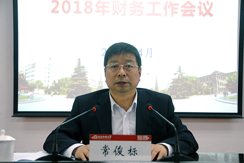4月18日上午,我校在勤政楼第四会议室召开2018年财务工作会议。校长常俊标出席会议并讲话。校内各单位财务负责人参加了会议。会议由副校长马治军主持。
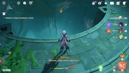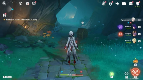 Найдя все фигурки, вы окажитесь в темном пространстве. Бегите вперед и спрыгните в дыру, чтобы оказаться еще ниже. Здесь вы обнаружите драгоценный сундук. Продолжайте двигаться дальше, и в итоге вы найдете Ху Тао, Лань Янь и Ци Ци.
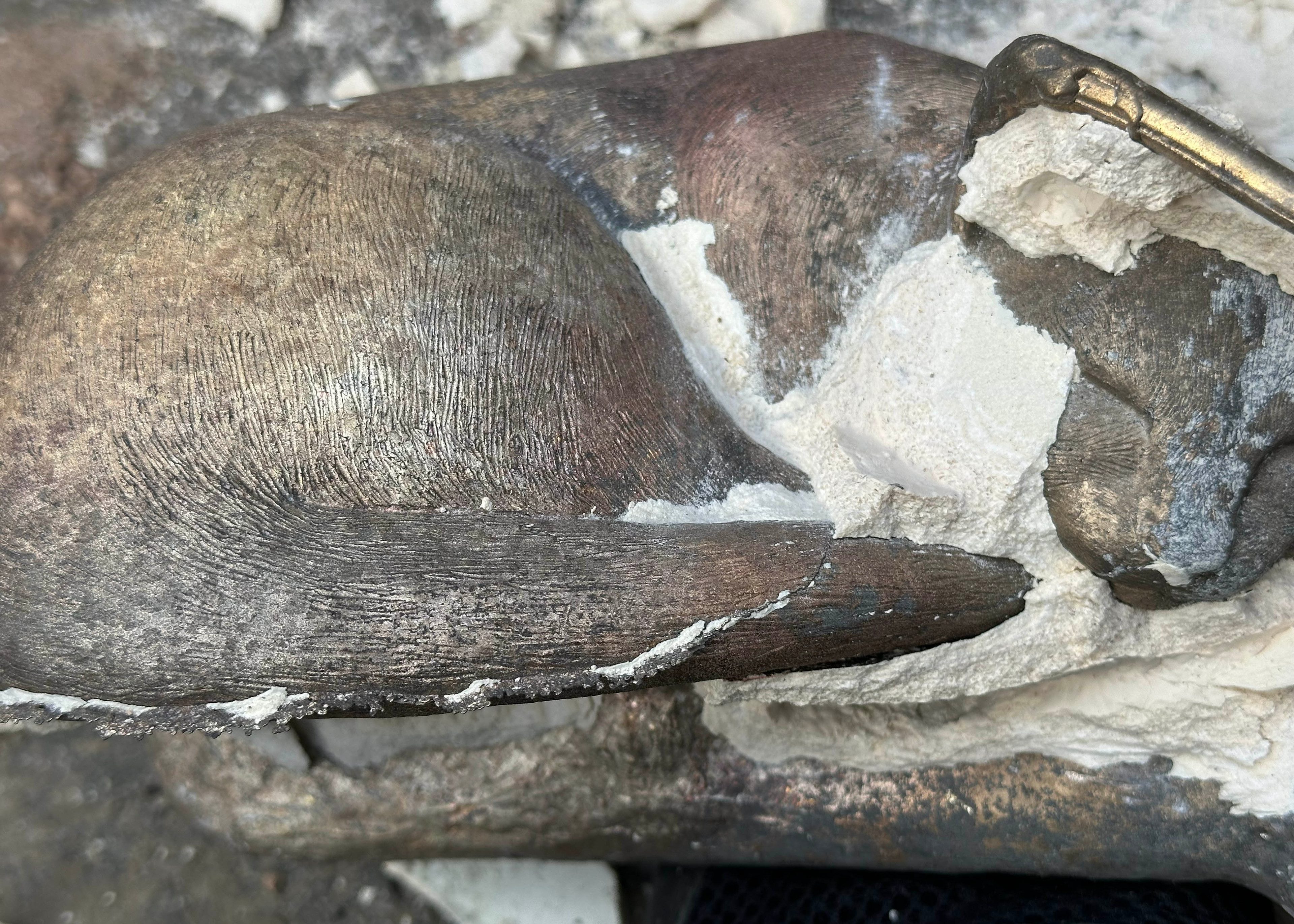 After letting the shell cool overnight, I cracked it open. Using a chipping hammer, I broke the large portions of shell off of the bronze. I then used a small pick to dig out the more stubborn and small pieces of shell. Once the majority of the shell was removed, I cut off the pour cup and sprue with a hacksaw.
____
-- What this task involves --
Return the whole listing, word for word, and leave out every picture.

-- Answer below --
4月18日上午,我校在勤政楼第四会议室召开2018年财务工作会议。校长常俊标出席会议并讲话。校内各单位财务负责人参加了会议。会议由副校长马治军主持。
 Найдя все фигурки, вы окажитесь в темном пространстве. Бегите вперед и спрыгните в дыру, чтобы оказаться еще ниже. Здесь вы обнаружите драгоценный сундук. Продолжайте двигаться дальше, и в итоге вы найдете Ху Тао, Лань Янь и Ци Ци.
 After letting the shell cool overnight, I cracked it open. Using a chipping hammer, I broke the large portions of shell off of the bronze. I then used a small pick to dig out the more stubborn and small pieces of shell. Once the majority of the shell was removed, I cut off the pour cup and sprue with a hacksaw.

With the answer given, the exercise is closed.